Expert claims to know where Jimmy Hoffa is. Hint: it's underground
You have to go back in time to see coverage of the event. Like, way back.
The audio from those stories crackles with an old-timey flair as the video's frame rate moves at a snails pace by modern-day standards. That event is baked into history, and is accompanied by a thousand conspiracy theories: What happened to Jimmy Hoffa?
The former leader of the Teamsters Union and a powerful figure in the labor movement, Hoffa was said to have ties with the mob during his later years.
And then, on July 30 in 1975, he disappeared.
"At the present time, we have no information as to the present whereabouts of Mr. Hoffa," said an official at a press conference back then.
"One top law-enforcement official claims that Jimmy Hoffa was set up and he says it was done by someone that Hoffa trusted completely," said a reporter at the time.
Last seen at the Red Fox restaurant in Bloomfield Hills, Hoffa's connection is uniquely Michigan because of the mob based in Detroit.
"There's 100 theories as to who did that and drove him to act to where he gets murdered at some location and there are 100 theories about where that location was and who killed him," said Dan Moldea.
Moldea considers himself a Hoffa expert who has written extensively about the mystery of the man disappearing.
Now, more than four decades later, he thinks he knows where his body is. As Moldea sees it, Hoffa is buried in a landfill in Jersey City, New Jersey. Frank Coppola, the son of late Paul Coppola, said his dad told him a secret on his deathbed.
Frank says he remembers the landfill and the hole that was dug.

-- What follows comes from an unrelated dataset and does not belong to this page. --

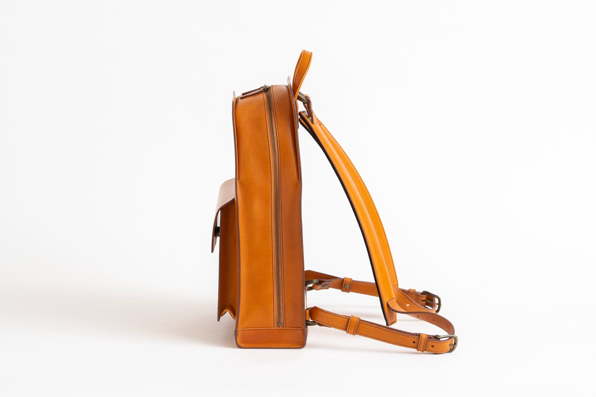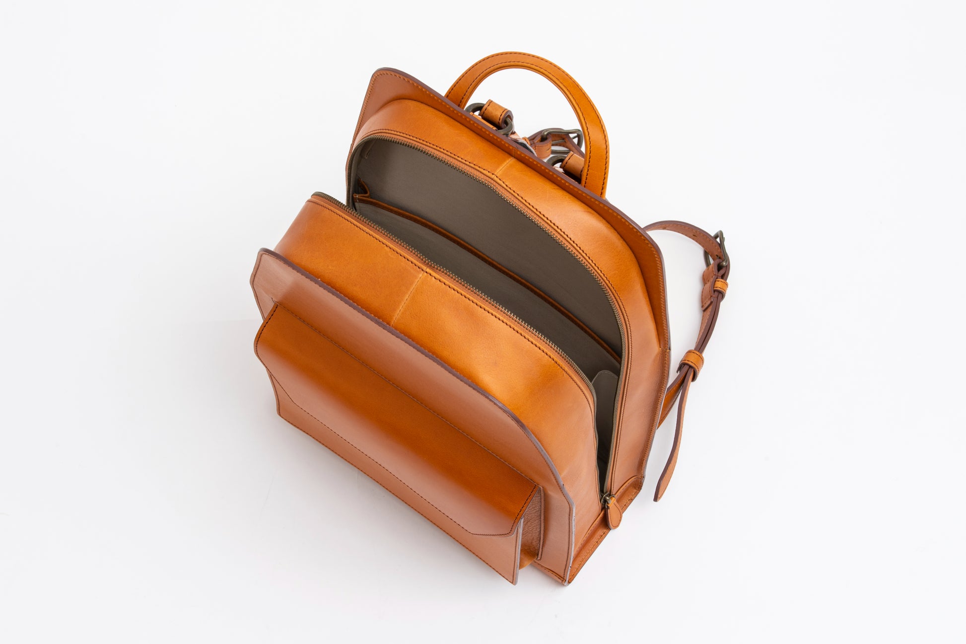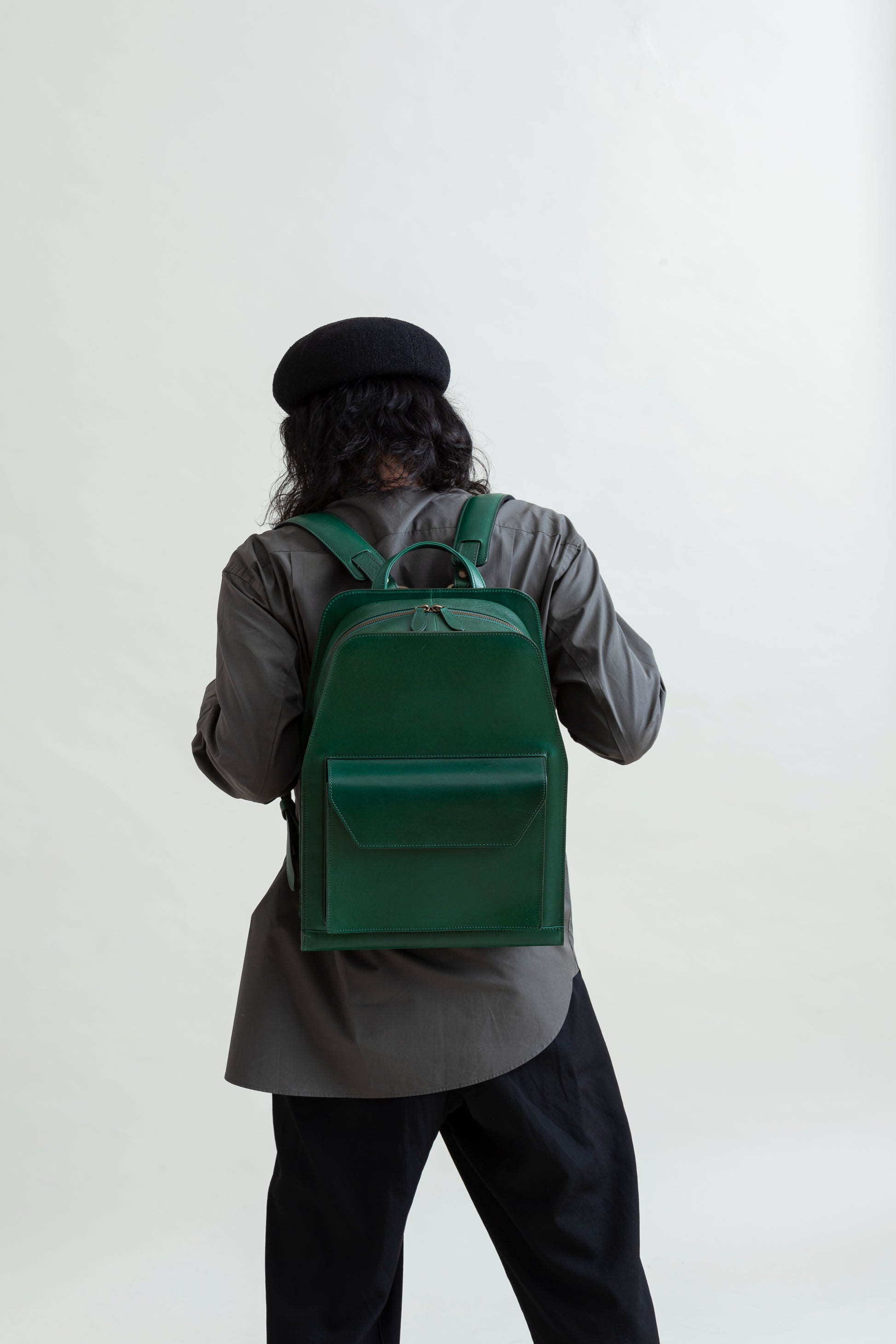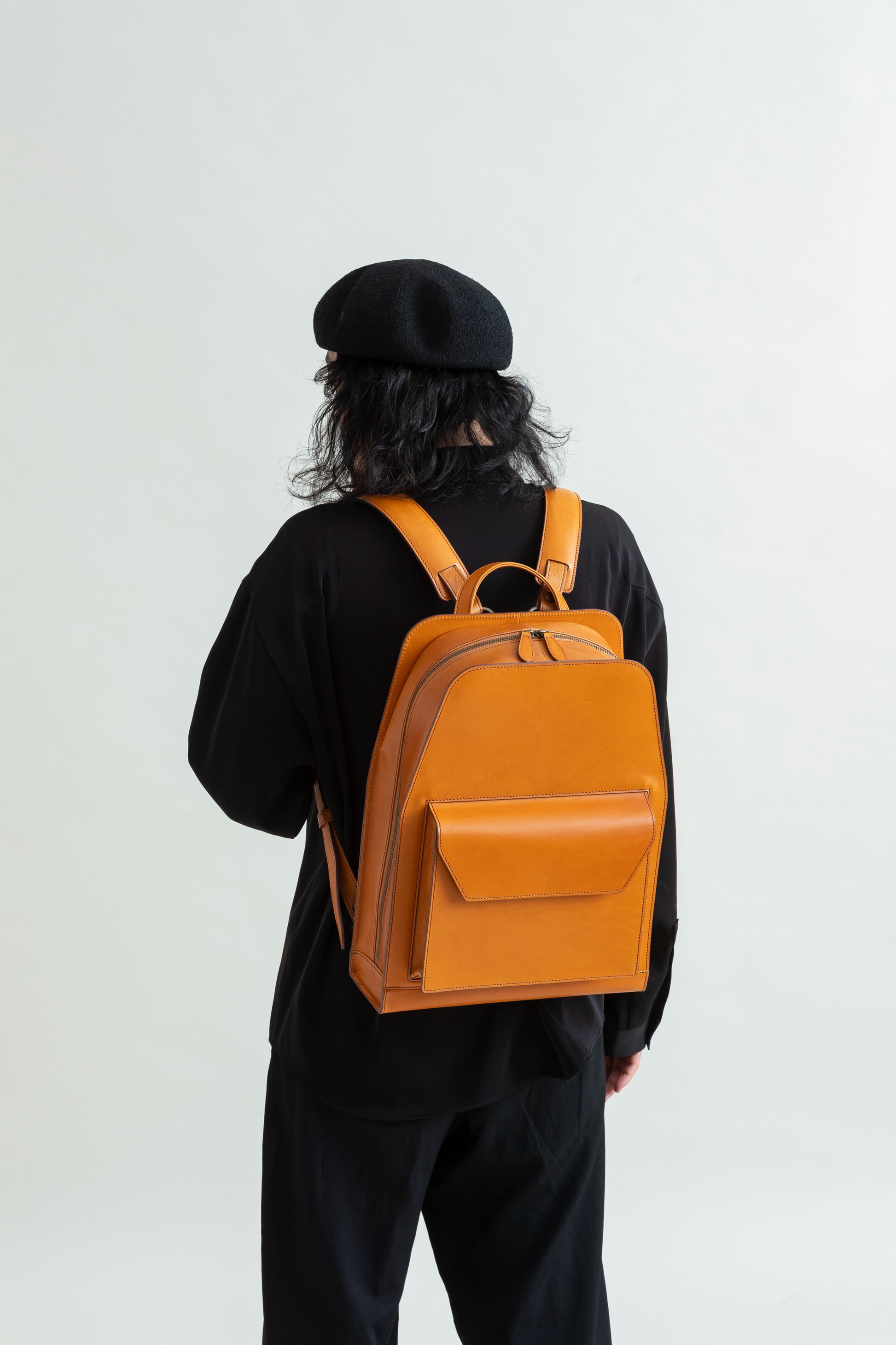 Hard leather is used for the body while soft leather is used around the zipper, allowing the backpack to fit perfectly with both business and casual outfits.

"He left after seeing the hole and then, later on, his father on his deathbed told him, 'here's what happened. That hole was where I dug Jimmy Hoffa,'" said Moldea. "Later on, some guys came, they delivered Hoffa's body. It was some rigor, they could not get feet first into the 55-gallon drum so they put it in headfirst. They then sealed the drum."
The drum was buried along with 15 to 30 other steel drums. Then sand and dirt was put on top of it, and then it was bulldozed and plowed over. And Moldea wants to find that drum.

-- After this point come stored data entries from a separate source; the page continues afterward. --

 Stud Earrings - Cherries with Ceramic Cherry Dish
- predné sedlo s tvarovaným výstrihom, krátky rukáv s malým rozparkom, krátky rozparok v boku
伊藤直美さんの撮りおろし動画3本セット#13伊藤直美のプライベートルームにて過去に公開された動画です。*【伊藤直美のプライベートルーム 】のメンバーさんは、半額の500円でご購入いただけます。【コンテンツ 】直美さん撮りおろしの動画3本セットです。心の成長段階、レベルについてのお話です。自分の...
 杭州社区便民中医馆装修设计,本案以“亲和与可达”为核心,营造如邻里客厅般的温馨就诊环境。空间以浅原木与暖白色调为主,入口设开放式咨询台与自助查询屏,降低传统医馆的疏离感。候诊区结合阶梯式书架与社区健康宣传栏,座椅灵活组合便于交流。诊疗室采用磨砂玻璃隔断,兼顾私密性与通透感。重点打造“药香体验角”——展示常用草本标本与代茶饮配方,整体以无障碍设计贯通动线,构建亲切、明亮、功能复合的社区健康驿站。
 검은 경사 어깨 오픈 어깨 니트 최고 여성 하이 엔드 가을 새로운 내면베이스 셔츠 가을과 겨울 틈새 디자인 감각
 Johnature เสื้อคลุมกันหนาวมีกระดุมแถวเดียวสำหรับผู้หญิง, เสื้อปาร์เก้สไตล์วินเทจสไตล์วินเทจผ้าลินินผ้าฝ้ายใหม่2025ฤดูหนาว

"It's possible, it's possible that we can still recover it if it has not been moved but we have reason to believe that it has not been moved - that it's still there. It's easily recoverable, we're not looking for a single drum at the bottom of a hole, we are looking for a massive field. Fifteen to 30 drums on top of it," said Moldea.
After years of research, Moldea said he and Frank are confident a dig at the landfill could unseal a decades-old mystery. Still an open case at the FBI, the bureau said it's looking at all leads.
However, Moldea hopes the District Attorney of Hudson County makes themselves apart of it.
"We want to be there, and we want to have the ability to film this, We want to memorialize this. And, so, we know what's going to happen with the FBI. They're going to go 'thanks guys, now get the hell out of here. We'll take it from here,'" said Moldea. "We're hoping that the DA's office may be a little more cooperative."